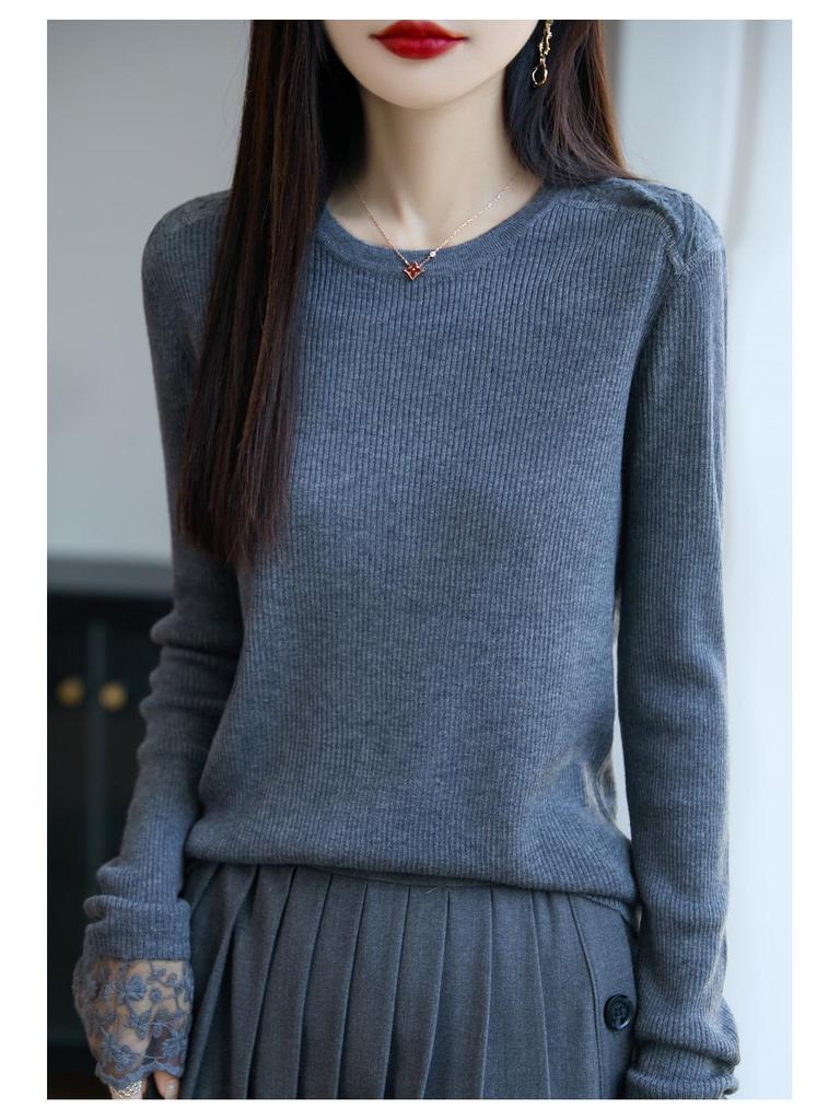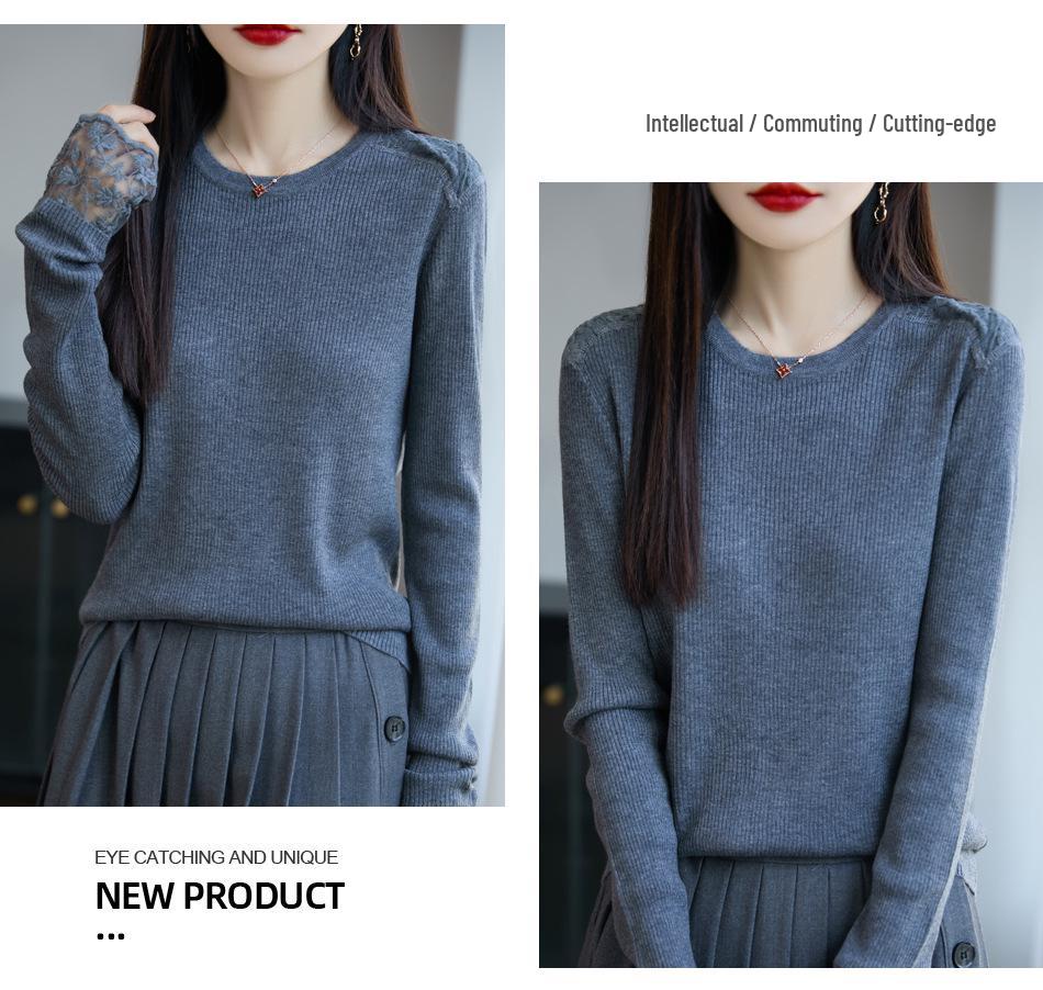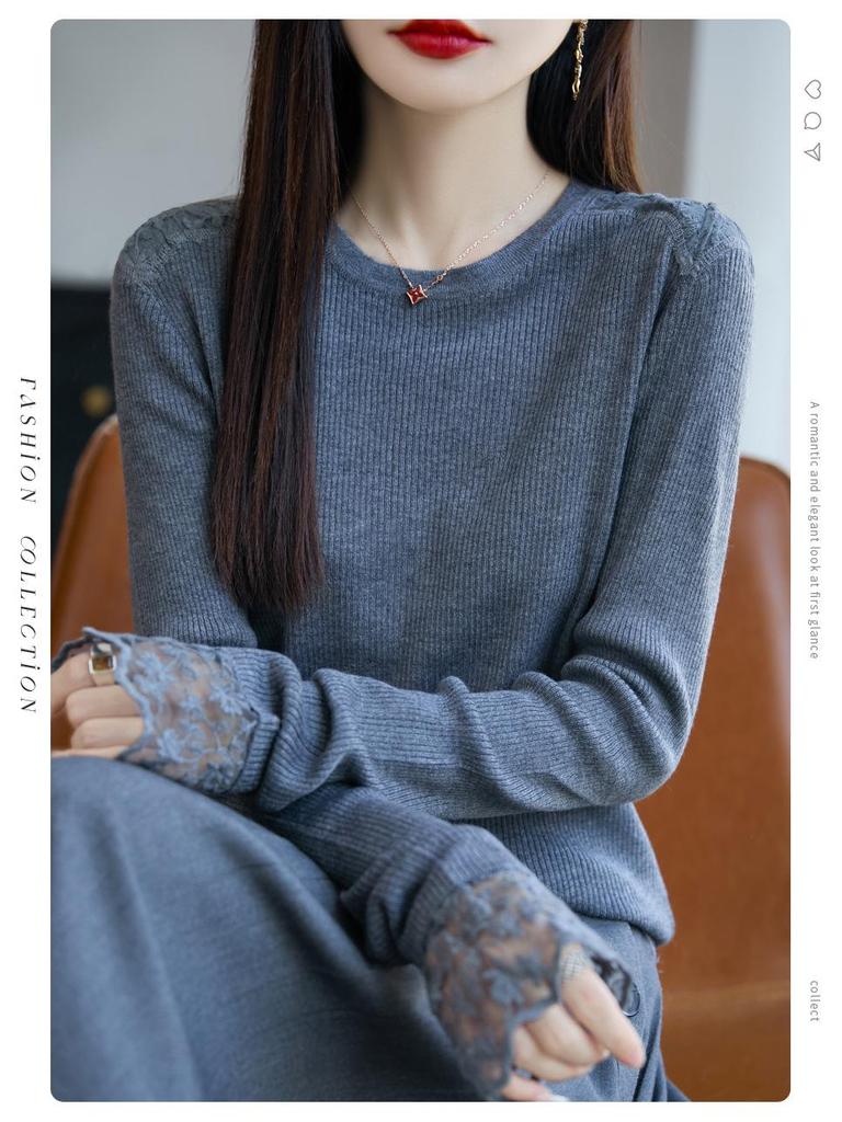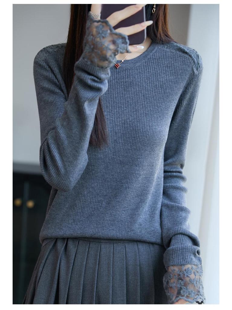 Черный кружевной лоскутный облегающий свитер: Женский вязаный топ с кружевной отделкой на осень/зиму
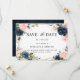 Dark navy blue floral geometric wedding Save the Date featuring elegant bouquet of navy blue, royal blue , white , blush rose and sage green eucalyptus leaves and elegant glitter geometric neutral frame. Please contact me for any help in customisation or if you need any other product with this design.
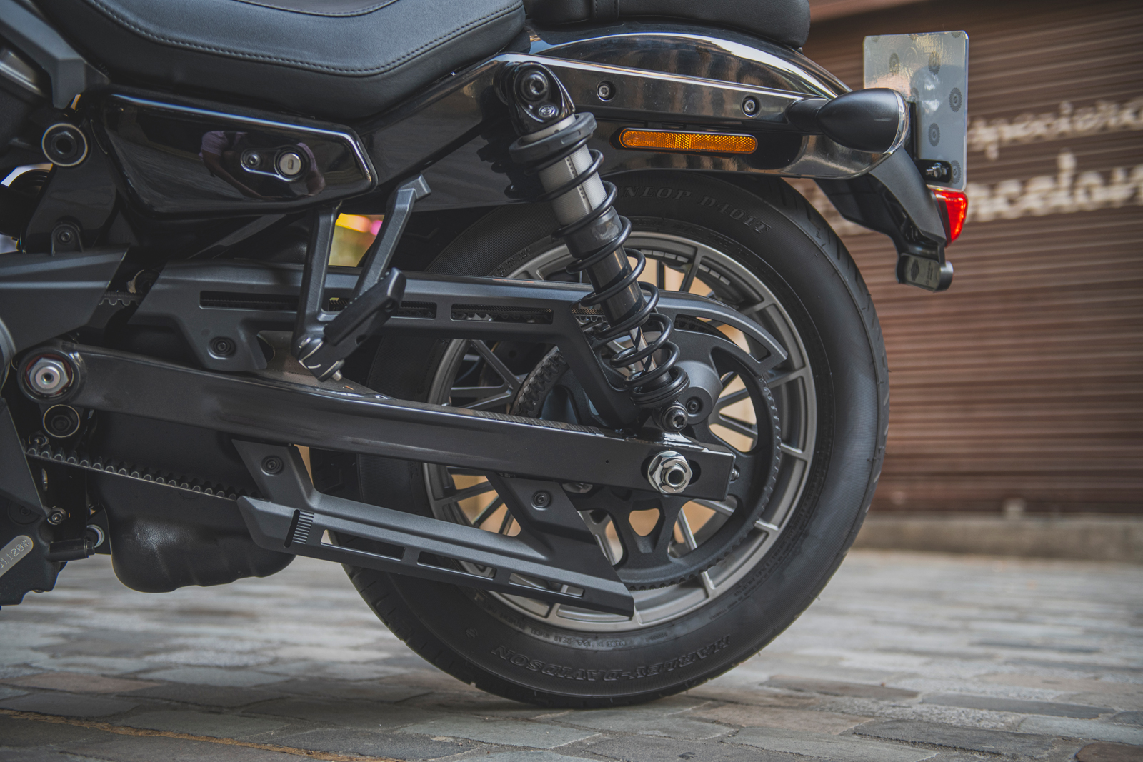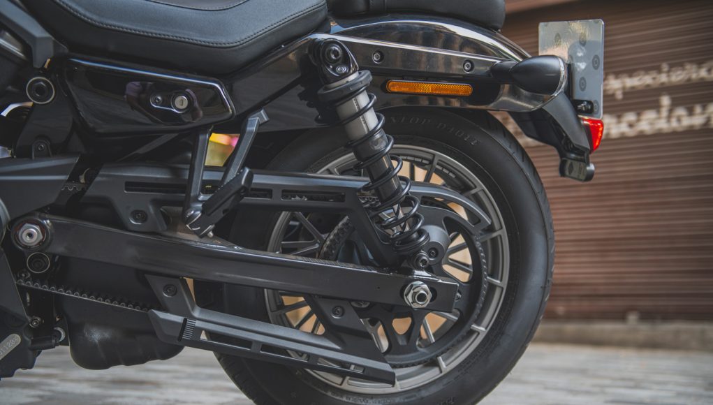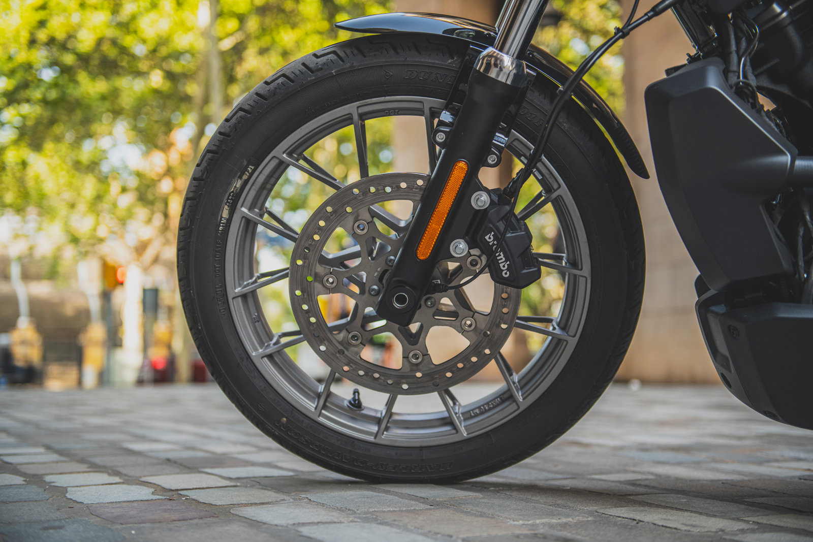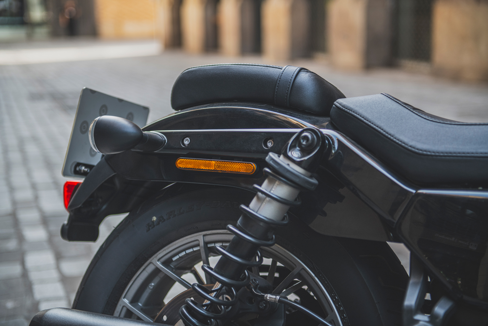 Con respecto a la Sportster S se ha aumentado 76mm el recorrido de la rueda situando ahora el asiento a 698mm del suelo, lo que facilita mucho no solo el acceso a la moto sino también las maniobras en parado, pero esto penaliza la colocación de los estribos que quedan muy bajos con respecto al suelo, lo que se traduce en que a la hora de abordar curvas en muchas ocasiones rozan. Por su parte, la horquilla delantera dispone de un recorrido de 114 mm, suficiente para engullir lo que encontremos en el asfalto.

• _EXERCISE_: An exact printout of the listing is needed, minus any pictures it contains.

• _ANSWER TO THE EXERCISE_:
 Черный кружевной лоскутный облегающий свитер: Женский вязаный топ с кружевной отделкой на осень/зиму
 Dark navy blue floral geometric wedding Save the Date featuring elegant bouquet of navy blue, royal blue , white , blush rose and sage green eucalyptus leaves and elegant glitter geometric neutral frame. Please contact me for any help in customisation or if you need any other product with this design.
 Con respecto a la Sportster S se ha aumentado 76mm el recorrido de la rueda situando ahora el asiento a 698mm del suelo, lo que facilita mucho no solo el acceso a la moto sino también las maniobras en parado, pero esto penaliza la colocación de los estribos que quedan muy bajos con respecto al suelo, lo que se traduce en que a la hora de abordar curvas en muchas ocasiones rozan. Por su parte, la horquilla delantera dispone de un recorrido de 114 mm, suficiente para engullir lo que encontremos en el asfalto.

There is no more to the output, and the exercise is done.